Why does this matter? For someone who is pro-life in the way that I have defined it above, a late-term abortion is no worse than a first-trimester abortion. Thus, if a woman is probably going to get an abortion anyway, delaly is a good thing rather than a bad thing. Like someone on the telephone with a suicidal individual, the goal of the pro-life advocate is to put off the act of killing as long as possible. If nothing else, this gives the target of the intervention a little more time to live than he or she would otherwise have had. By contrast to most people (who would distinguish morally between a zygote and an infant), the pro-life individual would not regard it as any sort of victory to move abortions from late in pregnancy to early in pregnancy.
If early and late abortions are morally equivalent, however, then consider what follows. Moving an abortion from earlier to later may be affirmatively desirable, from the point of view of someone who believes the two sorts of abortions are morally indistinguishable. If a woman is allowed to terminate her pregnancy early, then most people will reject the notion that something truly horrible has occurred. By creating impediments to an early abortion, though, the advocate of a pro-life view may find himself or herself less isolated in his or her opposition to what the woman is doing. That is, many people would sympathize with an effort to ban and punish -- or at least places limits on -- late-term abortions. Therefore, if a pro-life advocate manages to move an abortion that would otherwise have taken place early into late in the second trimester, then he or she will potentially attract many allies in opposing that abortion.

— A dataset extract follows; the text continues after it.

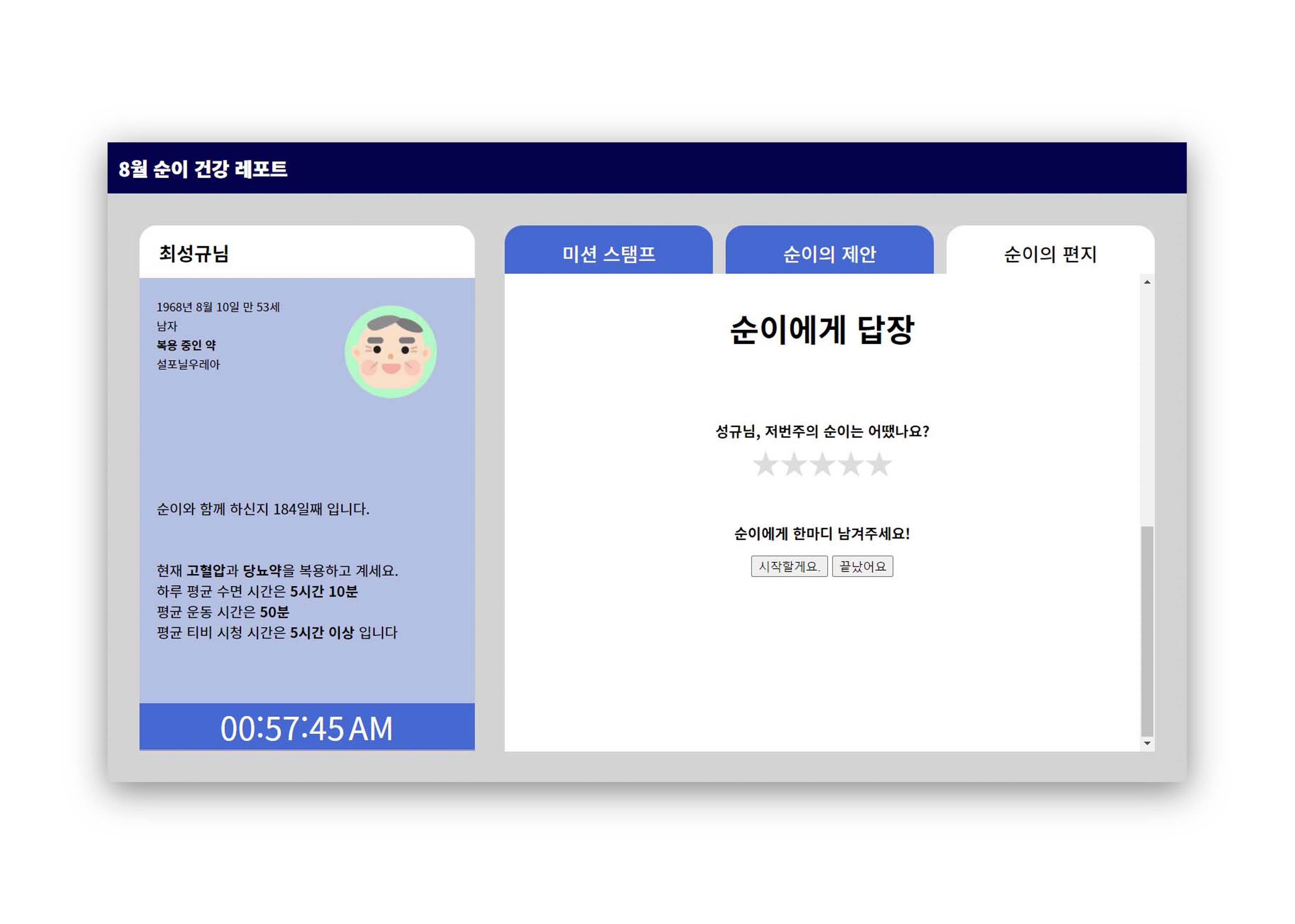 분석한 데이터를 바탕으로 어르신의 생활을 개선할 수 있는 '미션'을 제안하고, 지나간 미션은 '꽃'이 되어 모인다. 일주일동안 모인 순이와의 인터렉션 데이터를 기반으로 '순이의 편지'를 제공한다. '순이에게 답장'을 통해 인공지능 순이의 정확도를 개선을 위한 데이터와 서비스 만족도에 대한 정보를 얻을 수 있다. 타이핑에 익숙하지 않은 어르신들을 고려하여 'STT'를 통해 순이에게 말을 건네는 방식으로 구성하였다.

At first glance, it may seem rather pointless to relocate what one regards as murder from one time to another, just because more people will oppose it at the later time. It is not pointless, however, if we consider the fact that the overwhelming majority of abortions currently occur during the first trimester of pregnancy. A movement dedicated to criminalizing abortion has a corresponding interest in pushing those abortions out of the first and into the second trimester. If it succeeded in doing this, then the pro-life movement would gain strength because it would be opposing procedures that many more people consider immoral or at least morally troubling.
Along these lines, one can understand laws that restrict access to RU-486 as an indirect means of strengthening the movement to ban abortion altogether. Few people would support an outright ban on medical abortion, provided such abortion is safe for the woman. But a law that forces medical abortions to conform to outdated dosages that, in turn, deter doctors from prescribing them may seem relatively innocuous to people who do not closely analyze the law. And if such laws pass, as one did in Oklahoma, then abortions may in time be pushed into a stage of fetal development at which stage the pro-life movement no longer needs to convince people that a zygote is morally entitled to live. Simply convincing people that a sentient fetus is entitled to live may become enough.